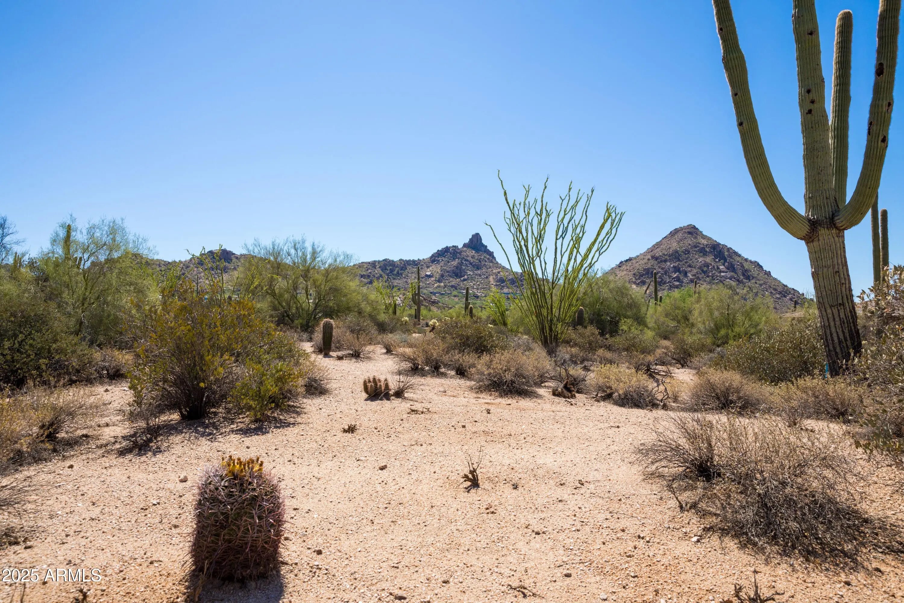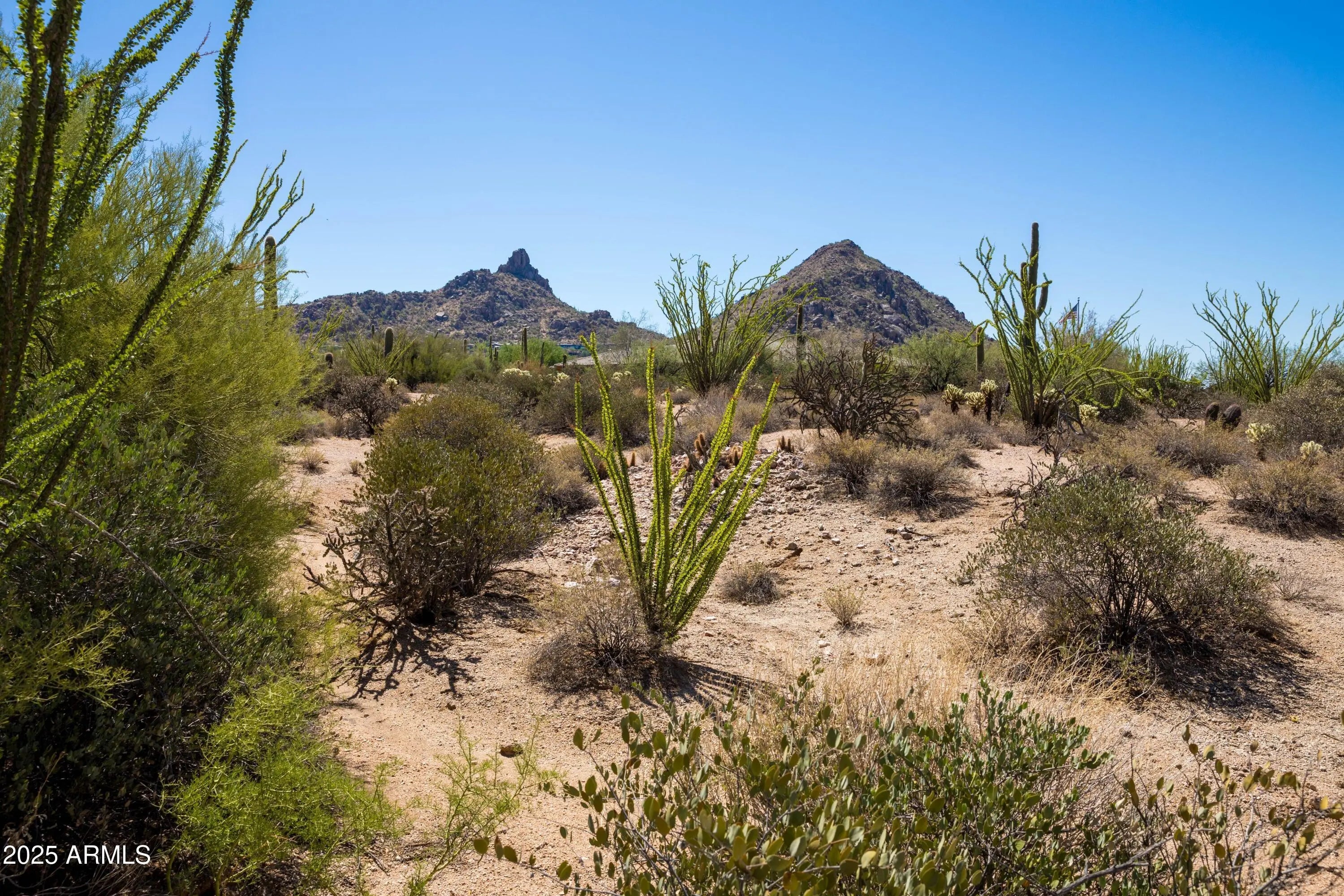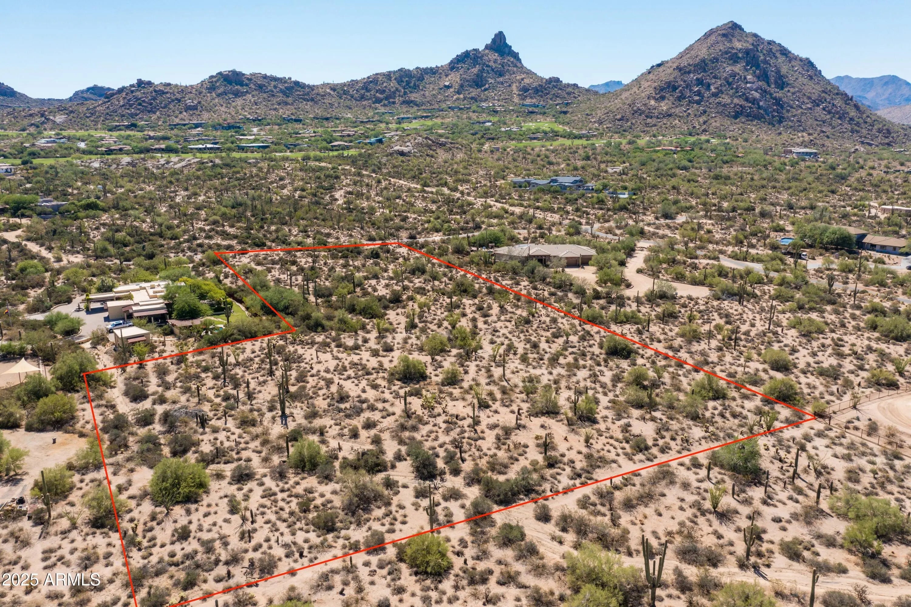 Incredible 5-acre lot in the heart of the Pinnacle Peak area! This rare parcel offers stunning views of Pinnacle Peak and the nearby mountain ranges. It's just minutes from scenic hiking trails and surrounded by nature, with mature saguaros and lush desert plants all around. Enjoy peaceful city light views at night and amazing sunsets every evening. The zoning allows for one home per 5 acres, giving you ultimate privacy. This is a unique chance to build your dream home or utilize the *Current plans for a stunning custom 6300SF custom home slated to be built by one of the Top Builders in North Scottsdale. The land is ideal for creating a beautiful estate, equestrian property, or Arizona getaway. It is just a short drive to top-rated restaurants, golf courses, great shopping, and only 10 minutes to the 101 Freeway. *Start construction immediately in the Fall 2025 and save 12 months in the design and permitting process. Complete architectural plans & permits available separately at an additional cost.
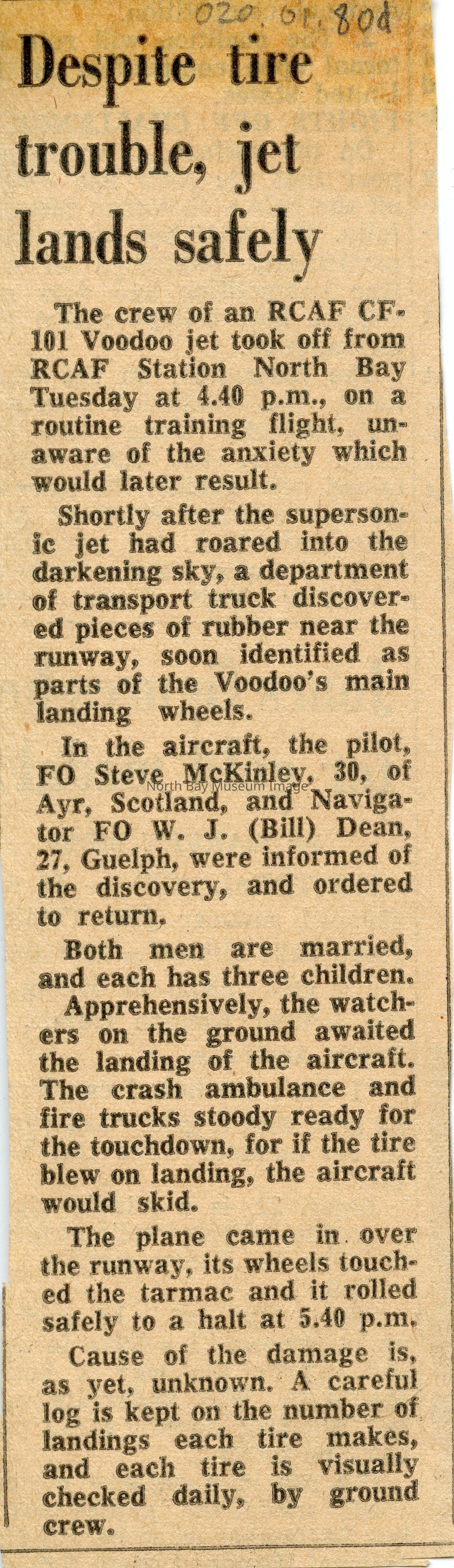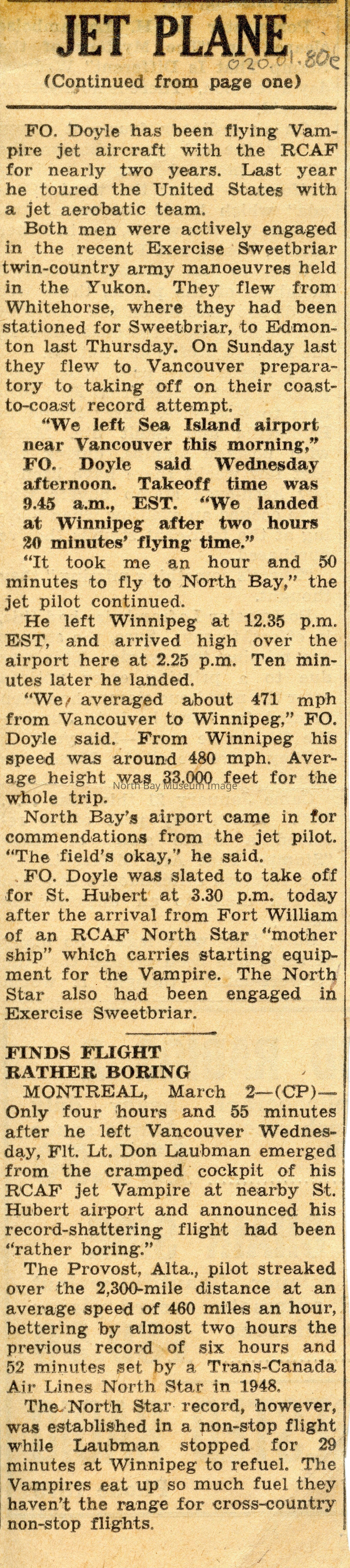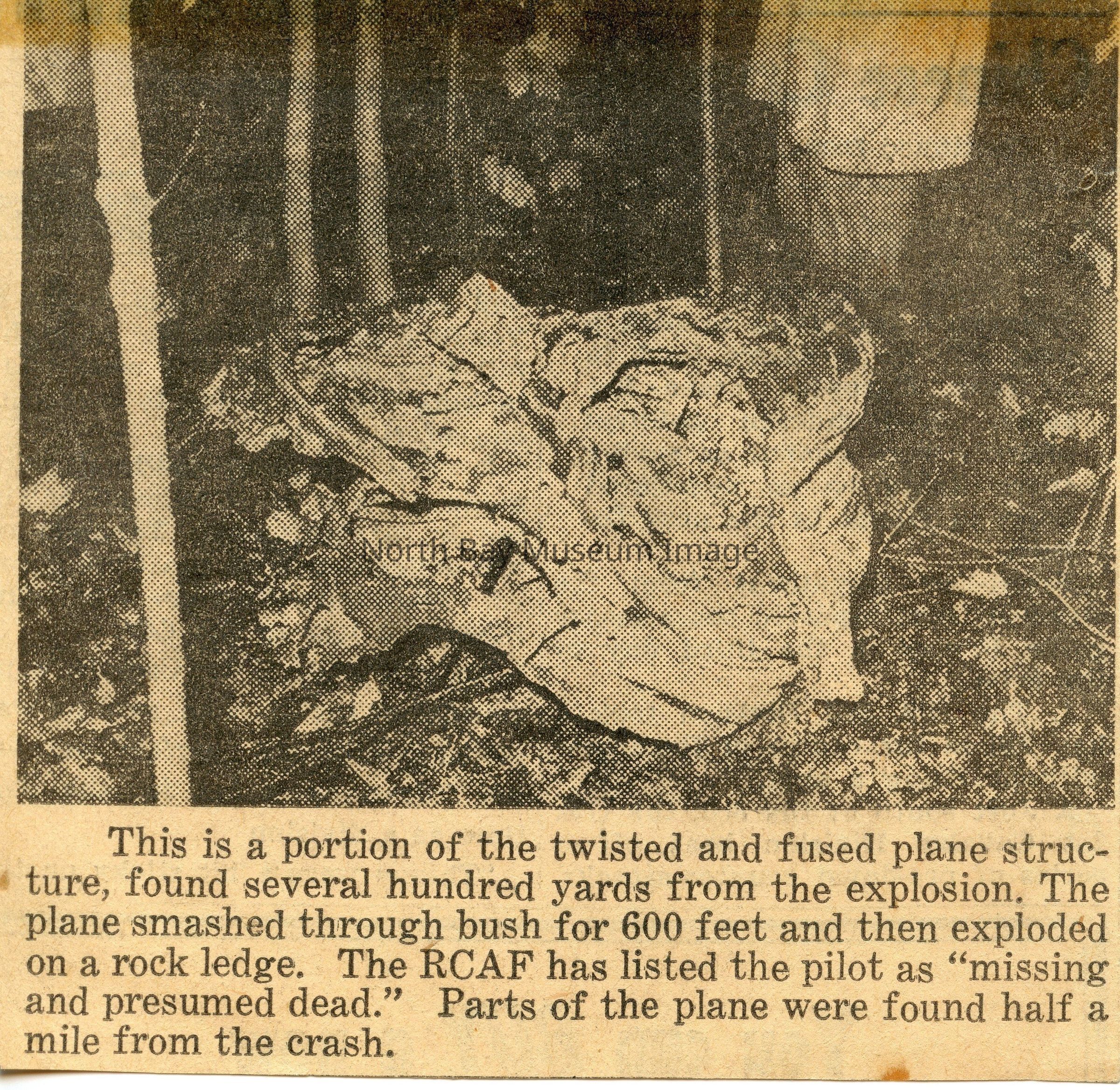 North Bay nugget clippings about various flights/incidents.
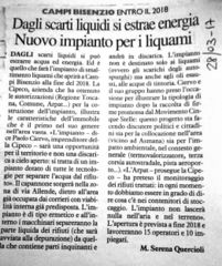 Dagli scarti liquidi si estra energia - Nuvo impianto per i liquami - La Nazione, 28 marzo 2017

__________

Task item:
The full data, repeated exactly and stripped of its pictures, is the expected answer.

Exercise answer:
 Incredible 5-acre lot in the heart of the Pinnacle Peak area! This rare parcel offers stunning views of Pinnacle Peak and the nearby mountain ranges. It's just minutes from scenic hiking trails and surrounded by nature, with mature saguaros and lush desert plants all around. Enjoy peaceful city light views at night and amazing sunsets every evening. The zoning allows for one home per 5 acres, giving you ultimate privacy. This is a unique chance to build your dream home or utilize the *Current plans for a stunning custom 6300SF custom home slated to be built by one of the Top Builders in North Scottsdale. The land is ideal for creating a beautiful estate, equestrian property, or Arizona getaway. It is just a short drive to top-rated restaurants, golf courses, great shopping, and only 10 minutes to the 101 Freeway. *Start construction immediately in the Fall 2025 and save 12 months in the design and permitting process. Complete architectural plans & permits available separately at an additional cost.
 North Bay nugget clippings about various flights/incidents.
 Dagli scarti liquidi si estra energia - Nuvo impianto per i liquami - La Nazione, 28 marzo 2017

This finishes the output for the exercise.